DeLorenzo Gallery Reopens in Skylit Upper East Side Oasis
Precious Favrile table lamps by Tiffany Studios are sometimes only a start. Eventually, you may wind up showing a mirror framed in myriad plastic eyes plucked off plushie toys. Those two extremes—linked by exclusivity and extravagance—are flip sides of the same coin for Adriana Friedman, the director of
DeLorenzo gallery
, a fixture for design junkies on New York’s Upper East Side. Opening this month, the gallery’s new space is a skylit oasis of calm and refinement.
Founded in 1980 by Tony DeLorenzo (at left with Friedman), who took Friedman under his wing after her earlier years in fashion, the gallery flourished on Madison Avenue thanks, in large part, to interior designers and clientele among the city’s one percent. Then fashion designer Tomas Maier made an offer for the storefront itself, which proved impossible to ignore. Friedman received clients in her town house while searching for another location.

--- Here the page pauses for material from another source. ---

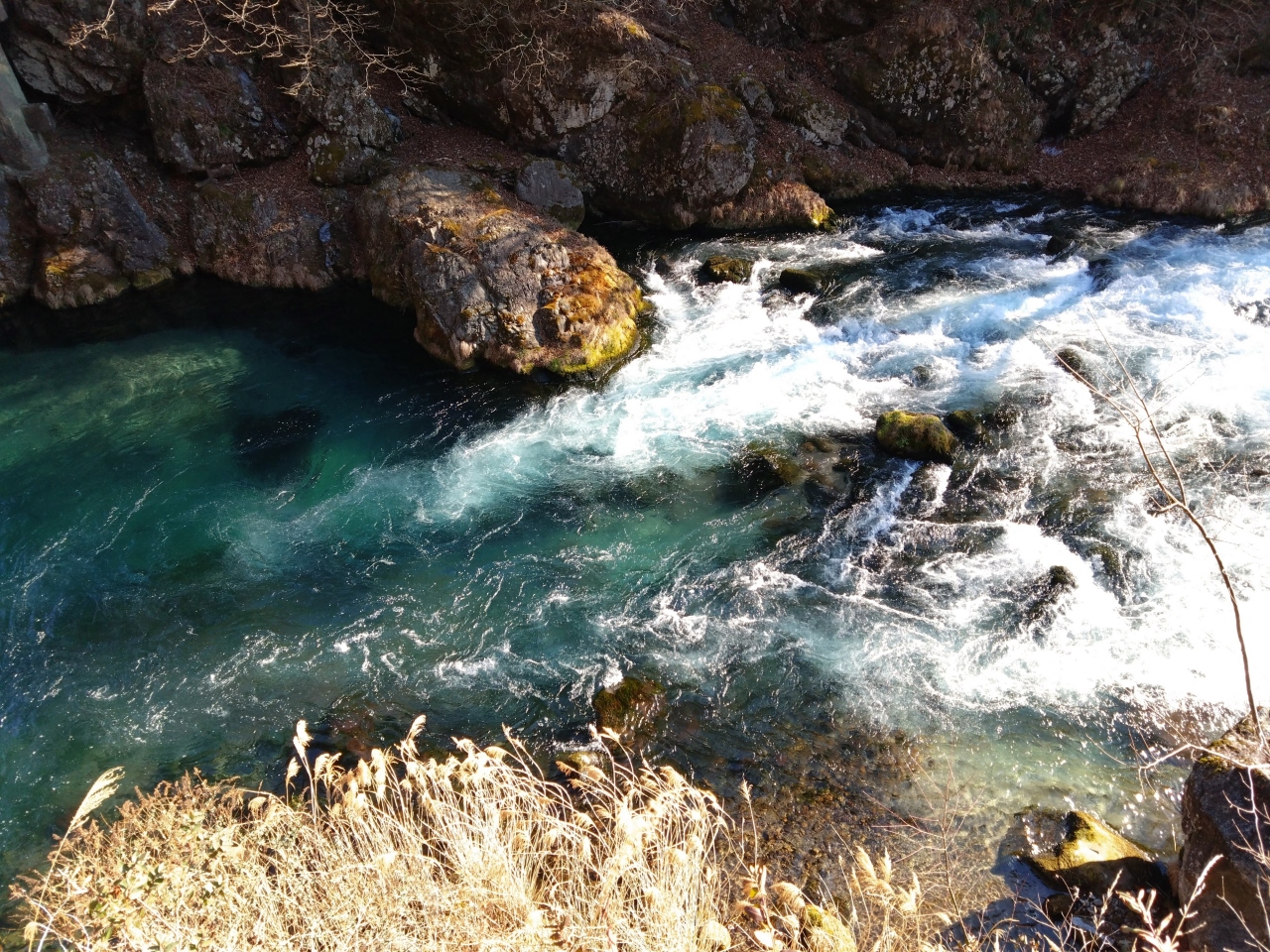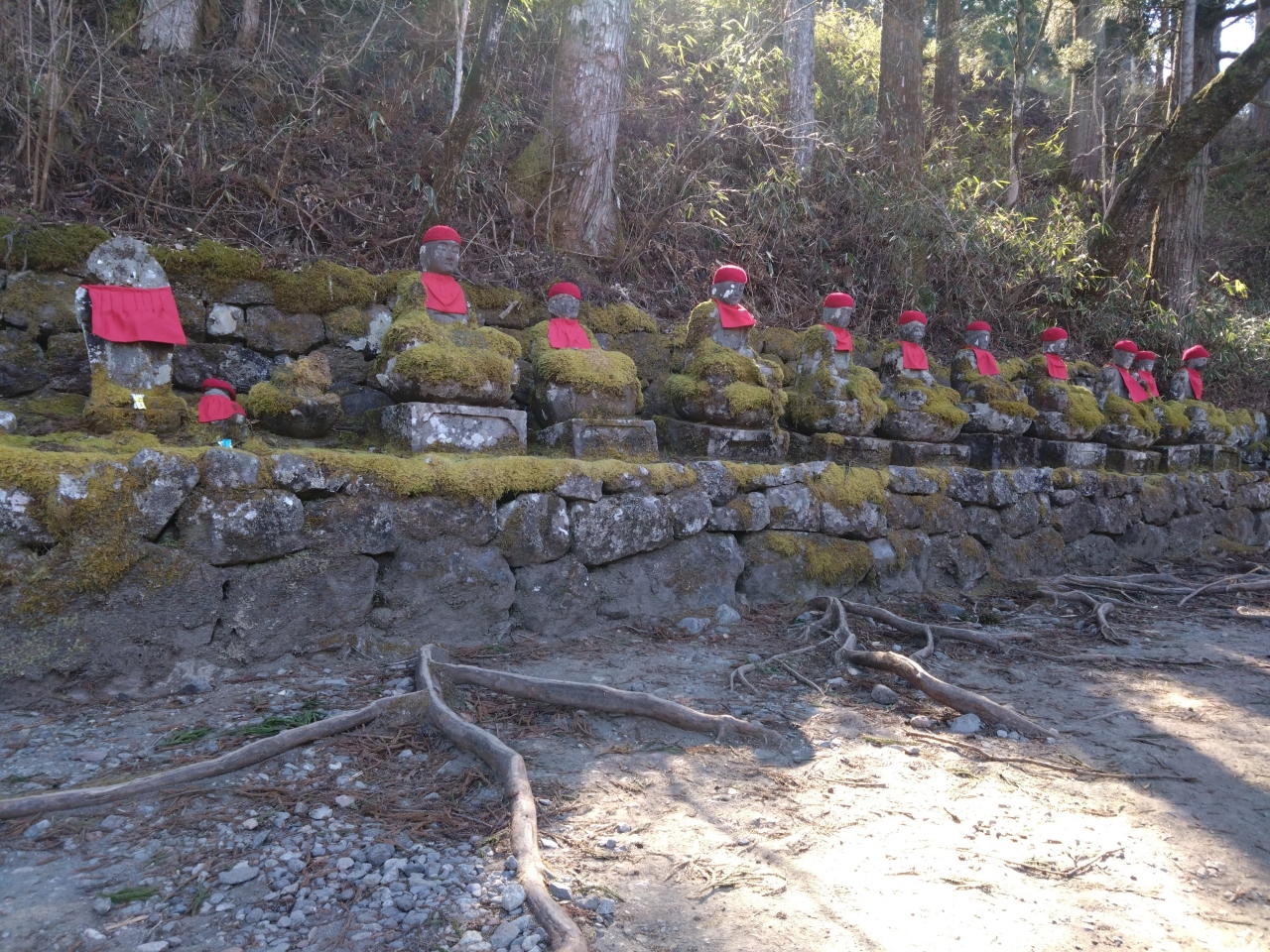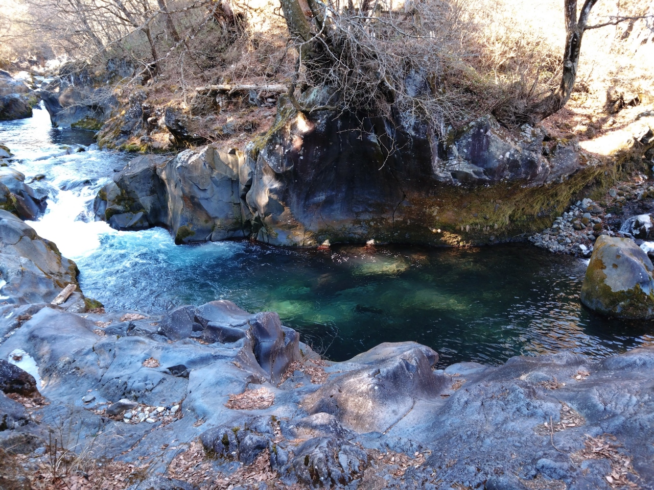 1月下旬に安良沢バス停で下車して、大日橋を渡り、歩道を少し歩いていると、化け地蔵が現れました。憾満ヶ淵はその化け地蔵がある辺りの散策路の下方に流れる川を指すようです。男体山から噴出した溶岩による奇岩と大谷川の渓流が美しい景観を作り出しています。化け地蔵がある慈雲寺の趣がある境内と憾満ヶ淵の渓流と一度に二つ楽しめるのが魅力です。

The new gallery is just upstairs from another neighborhood institution—the Zitomer pharmacy and department store. Former office space has been transformed by Stephen Sills protege
Samuel Amoia
, using new limestone slab flooring and pin-spots. (A line of round holes punched through one wall was suggested by Tony DeLorenzo, to recall none less than the master Jean Prouve.)
DeLorenzo will open with a 1925 Jean Dunand chair prototype in lacquered stone composite and Pierre Chareau sconces with prismatic alabaster shades. There’s even a museum-quality Alberto Giacommetti plaster chandelier. But the aforementioned mirror clad in indigo eyeballs, by California artist Clare Graham, is spoken for. “That’s going home with me,” Friedman says.